- **Directions for this task**
Give again, word for word, each line below starting at the one that contains "春晚创意表演《牛起来》" and ending at the one that contains "Bateriový zvedací magnet TMBL004001.".
--- Available data ---
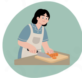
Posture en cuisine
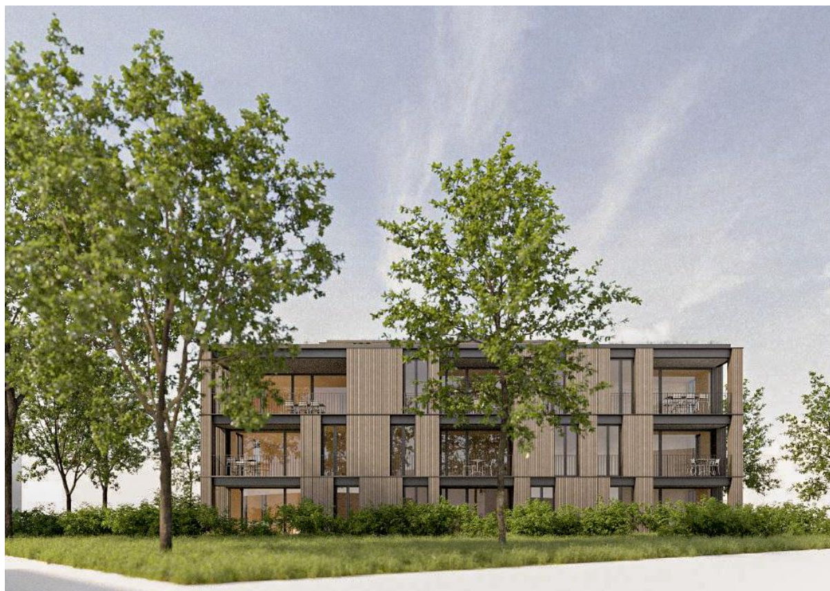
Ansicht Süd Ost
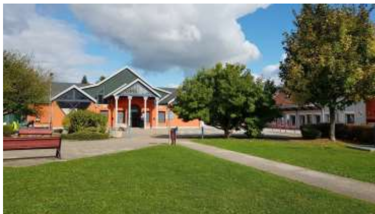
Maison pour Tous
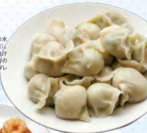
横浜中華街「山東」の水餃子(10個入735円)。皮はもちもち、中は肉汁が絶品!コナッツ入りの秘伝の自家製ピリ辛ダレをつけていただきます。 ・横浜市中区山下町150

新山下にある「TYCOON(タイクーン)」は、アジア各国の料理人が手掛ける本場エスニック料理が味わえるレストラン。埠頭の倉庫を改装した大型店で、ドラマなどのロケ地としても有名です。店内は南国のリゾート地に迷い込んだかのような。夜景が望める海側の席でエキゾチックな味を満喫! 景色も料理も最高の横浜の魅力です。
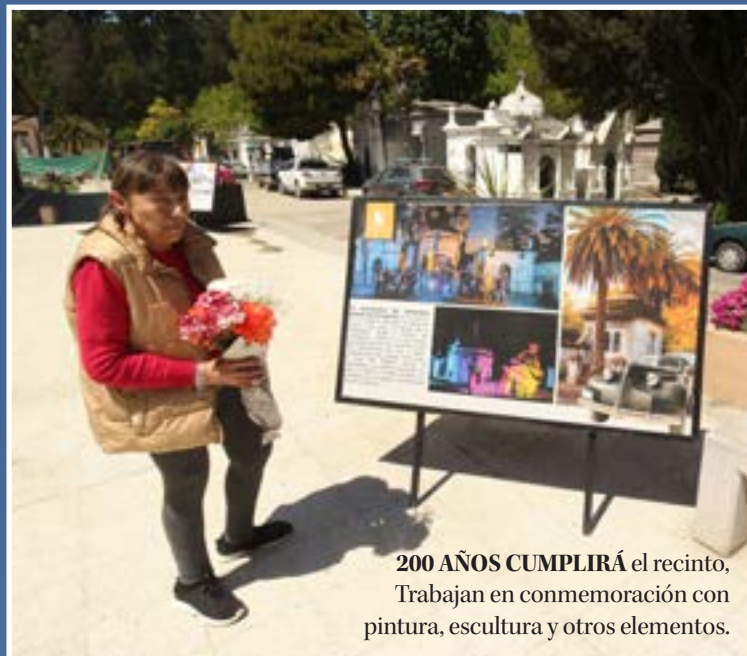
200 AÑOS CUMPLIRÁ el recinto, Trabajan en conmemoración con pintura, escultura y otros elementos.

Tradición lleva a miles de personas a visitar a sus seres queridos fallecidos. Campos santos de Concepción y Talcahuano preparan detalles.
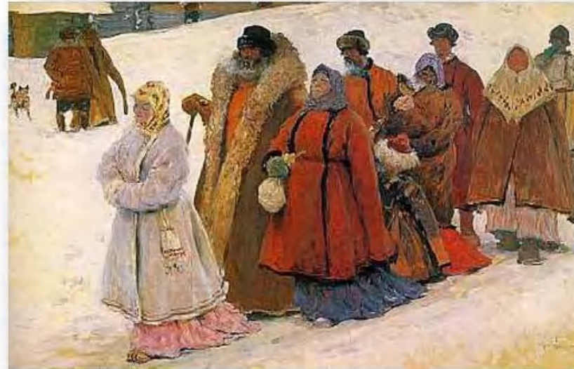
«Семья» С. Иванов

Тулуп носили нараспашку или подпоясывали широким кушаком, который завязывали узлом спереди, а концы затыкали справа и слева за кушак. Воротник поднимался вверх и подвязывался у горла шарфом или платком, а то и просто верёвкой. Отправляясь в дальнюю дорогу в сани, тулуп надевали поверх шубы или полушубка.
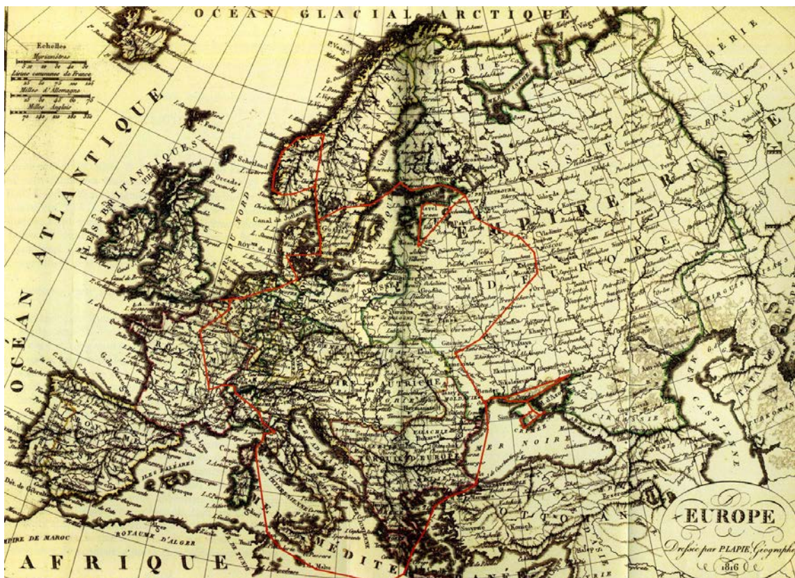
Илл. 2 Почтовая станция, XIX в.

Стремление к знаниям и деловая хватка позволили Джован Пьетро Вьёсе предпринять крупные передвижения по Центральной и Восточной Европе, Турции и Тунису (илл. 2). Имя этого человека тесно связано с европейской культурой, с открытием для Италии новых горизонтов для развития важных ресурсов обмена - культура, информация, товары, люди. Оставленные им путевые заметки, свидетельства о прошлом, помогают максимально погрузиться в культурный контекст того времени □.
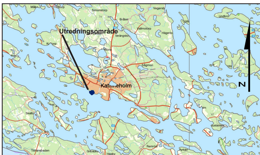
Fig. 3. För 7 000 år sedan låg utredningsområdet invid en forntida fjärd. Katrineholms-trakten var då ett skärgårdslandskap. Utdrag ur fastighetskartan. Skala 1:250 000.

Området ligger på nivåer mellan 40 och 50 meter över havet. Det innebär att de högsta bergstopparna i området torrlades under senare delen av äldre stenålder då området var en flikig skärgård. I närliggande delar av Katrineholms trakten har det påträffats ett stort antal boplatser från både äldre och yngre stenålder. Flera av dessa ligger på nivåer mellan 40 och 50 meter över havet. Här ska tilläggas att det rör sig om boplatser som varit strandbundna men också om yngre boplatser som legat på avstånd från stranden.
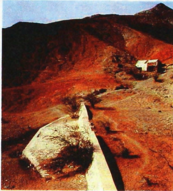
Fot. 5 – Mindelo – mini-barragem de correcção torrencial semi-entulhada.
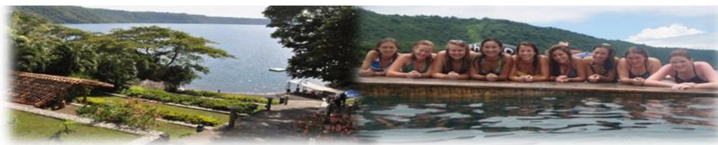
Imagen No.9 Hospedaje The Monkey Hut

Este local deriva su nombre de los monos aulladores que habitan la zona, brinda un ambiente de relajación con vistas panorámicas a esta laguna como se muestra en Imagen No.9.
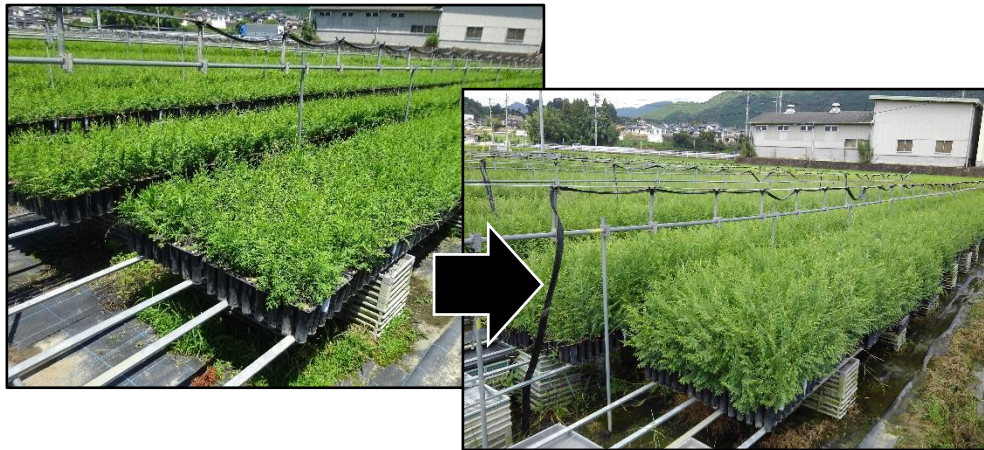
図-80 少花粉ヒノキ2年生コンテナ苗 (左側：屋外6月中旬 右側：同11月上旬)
---
--- Available data ---
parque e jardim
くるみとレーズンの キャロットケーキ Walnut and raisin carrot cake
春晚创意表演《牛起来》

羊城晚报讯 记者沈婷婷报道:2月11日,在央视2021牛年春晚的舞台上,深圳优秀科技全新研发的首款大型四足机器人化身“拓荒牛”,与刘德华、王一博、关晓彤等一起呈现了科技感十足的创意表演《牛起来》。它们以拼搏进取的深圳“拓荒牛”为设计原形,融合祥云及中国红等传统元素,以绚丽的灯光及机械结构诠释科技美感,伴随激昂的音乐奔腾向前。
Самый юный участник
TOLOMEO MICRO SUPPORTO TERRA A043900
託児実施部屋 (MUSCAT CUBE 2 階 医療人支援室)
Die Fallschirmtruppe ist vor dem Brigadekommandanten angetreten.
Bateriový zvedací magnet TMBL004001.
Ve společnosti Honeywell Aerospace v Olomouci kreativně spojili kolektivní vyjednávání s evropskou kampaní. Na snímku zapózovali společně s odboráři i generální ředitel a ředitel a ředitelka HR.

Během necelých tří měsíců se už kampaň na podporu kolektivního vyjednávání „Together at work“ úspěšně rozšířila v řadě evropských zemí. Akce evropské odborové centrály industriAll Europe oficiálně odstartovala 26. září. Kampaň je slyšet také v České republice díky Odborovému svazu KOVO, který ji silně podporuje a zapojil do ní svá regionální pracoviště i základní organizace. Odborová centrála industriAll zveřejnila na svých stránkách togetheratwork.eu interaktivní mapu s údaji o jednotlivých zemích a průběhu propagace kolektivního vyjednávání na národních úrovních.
---
--- Available data ---
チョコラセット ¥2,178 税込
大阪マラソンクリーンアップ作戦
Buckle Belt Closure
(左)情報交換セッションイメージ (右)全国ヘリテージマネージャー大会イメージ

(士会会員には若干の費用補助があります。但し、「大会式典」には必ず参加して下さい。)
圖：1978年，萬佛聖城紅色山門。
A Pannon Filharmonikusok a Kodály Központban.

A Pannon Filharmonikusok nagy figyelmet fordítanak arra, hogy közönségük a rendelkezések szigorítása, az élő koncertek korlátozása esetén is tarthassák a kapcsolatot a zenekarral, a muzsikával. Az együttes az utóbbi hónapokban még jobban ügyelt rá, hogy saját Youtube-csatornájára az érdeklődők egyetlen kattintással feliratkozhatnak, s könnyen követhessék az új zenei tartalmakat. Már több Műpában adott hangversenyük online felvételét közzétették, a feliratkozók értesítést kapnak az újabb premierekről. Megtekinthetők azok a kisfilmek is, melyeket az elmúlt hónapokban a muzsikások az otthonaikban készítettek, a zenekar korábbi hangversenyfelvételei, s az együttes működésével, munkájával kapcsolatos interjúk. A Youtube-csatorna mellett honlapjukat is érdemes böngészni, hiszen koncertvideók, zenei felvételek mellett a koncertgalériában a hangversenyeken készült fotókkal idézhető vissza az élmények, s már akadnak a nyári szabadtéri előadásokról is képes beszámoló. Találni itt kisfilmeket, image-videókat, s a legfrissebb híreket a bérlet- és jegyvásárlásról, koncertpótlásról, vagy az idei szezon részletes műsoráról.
---
- **Answer section**
春晚创意表演《牛起来》

羊城晚报讯 记者沈婷婷报道:2月11日,在央视2021牛年春晚的舞台上,深圳优秀科技全新研发的首款大型四足机器人化身“拓荒牛”,与刘德华、王一博、关晓彤等一起呈现了科技感十足的创意表演《牛起来》。它们以拼搏进取的深圳“拓荒牛”为设计原形,融合祥云及中国红等传统元素,以绚丽的灯光及机械结构诠释科技美感,伴随激昂的音乐奔腾向前。
Самый юный участник
TOLOMEO MICRO SUPPORTO TERRA A043900
託児実施部屋 (MUSCAT CUBE 2 階 医療人支援室)
Die Fallschirmtruppe ist vor dem Brigadekommandanten angetreten.
Bateriový zvedací magnet TMBL004001.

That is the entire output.